Аренторн с трудом поднялся на ноги и посмотрел на черную, точно сгусток мрака, фигуру в плаще, высившуюся с ним рядом.
— Не делай этого, Малагон, — сказал он. — Ведь эти люди ни в чем не виноваты. Они всего лишь старались выжить, хотя ты и прижал их к ногтю, пытаясь окончательно раздавить.
— Я избавил тебя от боли не для того, чтобы ты указывал мне, что я должен делать, — ледяным тоном поставил его на место Малагон. — Просто боль помешала бы тебе стать свидетелем моего могущества. — Принц указал на город. — Твоя семья — жена, дети, отец — ведь здесь живут, верно?
— Нет, — солгал Аренторн. — Несколько двоелуний назад я перевез их в другое место.
— Ты лжешь! — Пронзительный вопль Малагона чуть не оглушил его, хоть он и зажал себе уши; этот жуткий, леденящий душу голос по-прежнему звучал, казалось, прямо у него в голове. — Твоя семья здесь. И сейчас они, возможно, сидят все вместе за столом и удивляются, куда же ты пропал. Хочешь в последний раз повидаться с ними, Аренторн?
И тут решимость изменила молодому адмиралу. Он упал на колени, он молил о прощении, он вымаливал жизнь для членов своей семьи, тщетно пытаясь схватить Малагона за край плаща, но тяжелые темные складки в руки ему не давались.
— Господин мой, прошу тебя, умоляю: убей меня, убей меня хоть десять тысяч раз, но пощади город!
— Я не собираюсь убивать тебя, адмирал. Ты будешь жить еще долго и много, много двоелуний будешь наслаждаться воспоминаниями о том, чему ты стал свидетелем, о том, что ты
Принц резким движением, точно стирая их с лица земли, провел рукой над склонами холмов, окружавших город, и на Порт-Денис точно накинули черное одеяло, потушив всякий проблеск света, всякую надежду на спасение. На фоне темного ночного неба возникла стена чернильно-черной пустоты, медленно продвигавшаяся вдоль реки к причалам. Свет костров и факелов в порту, мерцавших точно созвездие оранжевых и желтых огоньков, погас, и вскоре перед свитой Малагона, в ужасе застывшей на утесе, простиралась лишь черная безжизненная пустыня. Города Порт-Денис больше не существовало. Ничто не двигалось, не было слышно ни звука. Никто не звал на помощь, не молил о пощаде — в этом городе не осталось в живых никого, и никому не удалось спастись, уплыв в море.
Затем очень тихий и очень одинокий голос донесся из уничтоженного дотла селения, и его услышали стоявшие на холме Малагон и его военные советники. Это был полный муки голос существа, навечно проклятого и обреченного скитаться в аду.

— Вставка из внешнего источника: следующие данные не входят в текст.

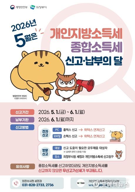 [ 포에버뉴스 김경순 기자 ] 의정부시는 5월 개인지방소득세 및 종합소득세 확정신고 기간을 맞아, 5월 6일부터 6월 1일까지 시청 본관 세무민원실에 신고 도움창구를 운영한다.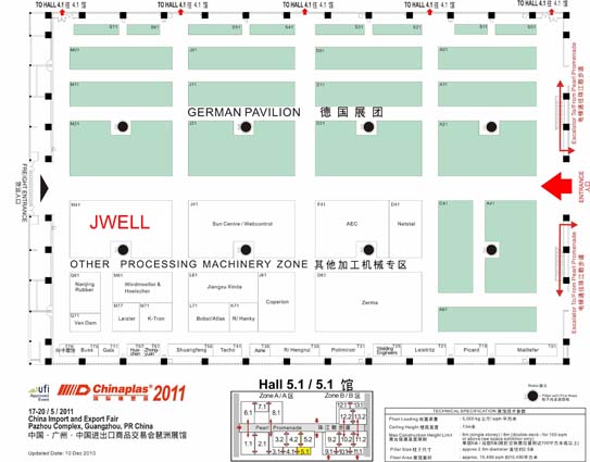 Chinaplas 2011(The 25th International Exhibition on Plastics and Rubber Industries) will be hold in Pazhou Complex ofGuangzhou city, South of China from May 17 to 20.This time our company Shanghai Jwell Extrusion machinery co., Ltd will carry kinds of machinery and equipments to show in the exhibition, such as: horizontal double-wall corrugated pipe forming machine, 1600mm vacuum tank, plastic extruder, glaze tile forming machine, blow molding machine, three-roller calender system, T-die, roller, crusher, recycling machine, screw and barrel etc. We have two big booths which are located in Hall 1.1 booth number D21 and Hall 5.1 booth number M41.Welcome to our Booth.
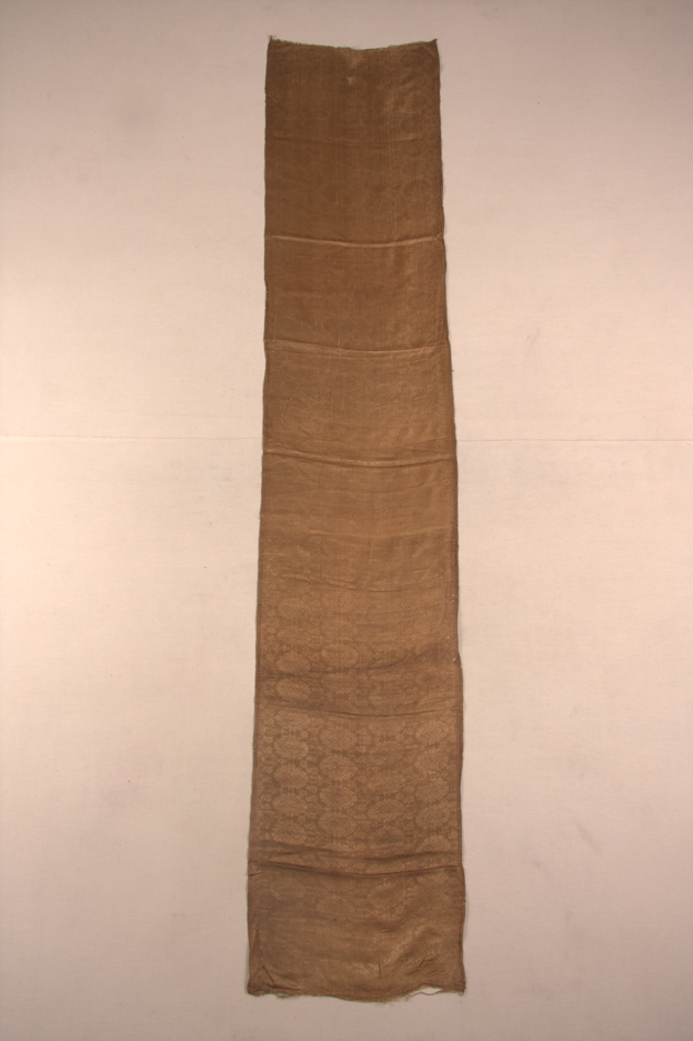 描述:此为一块棺垫,呈狭长形,保存较为完好,为暗花绸织物,其基本组织为1/1平纹地上以斜纹组织起花,花卉纹样。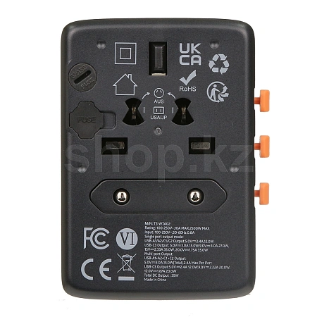 Сетевой фильтр (тревел-адаптер) с несколькими вариантами розеток 100-250В, 2 USB и 3 USB-C портами. Эргономичный дизайн. Огнеупорный материал корпуса. Надежные плотные разъёмы.

— Ага! — удовлетворенно заметил Малагон. — Это, должно быть, голос твоей жены, адмирал. — И он велел двум генералам, стоявшим с ним рядом: — Ступайте и побыстрей приведите ее сюда!
Адмирал Кувар Аренторн упал на колени, оглашая воплями ночь, окутавшую его родной город; он молил о прощении — своих детей и всех тех невинных, что погибли страшной смертью из-за его глупого героизма. И страстные его мольбы сливались со страдальческими криками и жалобами той несчастной, что оказалась единственной выжившей из всех жителей большого портового города.
На какое-то мгновение Аренторну удалось взять себя в руки, и он, надеясь насмерть разбиться о скалы, прыгнул с утеса вниз. Но в намерения Малагона столь скорая его смерть не входила, и он, вытянув руку, поймал Аренторна в воздухе и, с помощью какого-то заклятия стиснув его точно тисками, с яростью швырнул назад. Адмирал сильно ударился о стенку кареты и затих, жалобно и почти неслышно причитая.
— Довольно, — сказал Малагон, — пора возвращаться. Меня ждут более важные государственные дела и проблемы.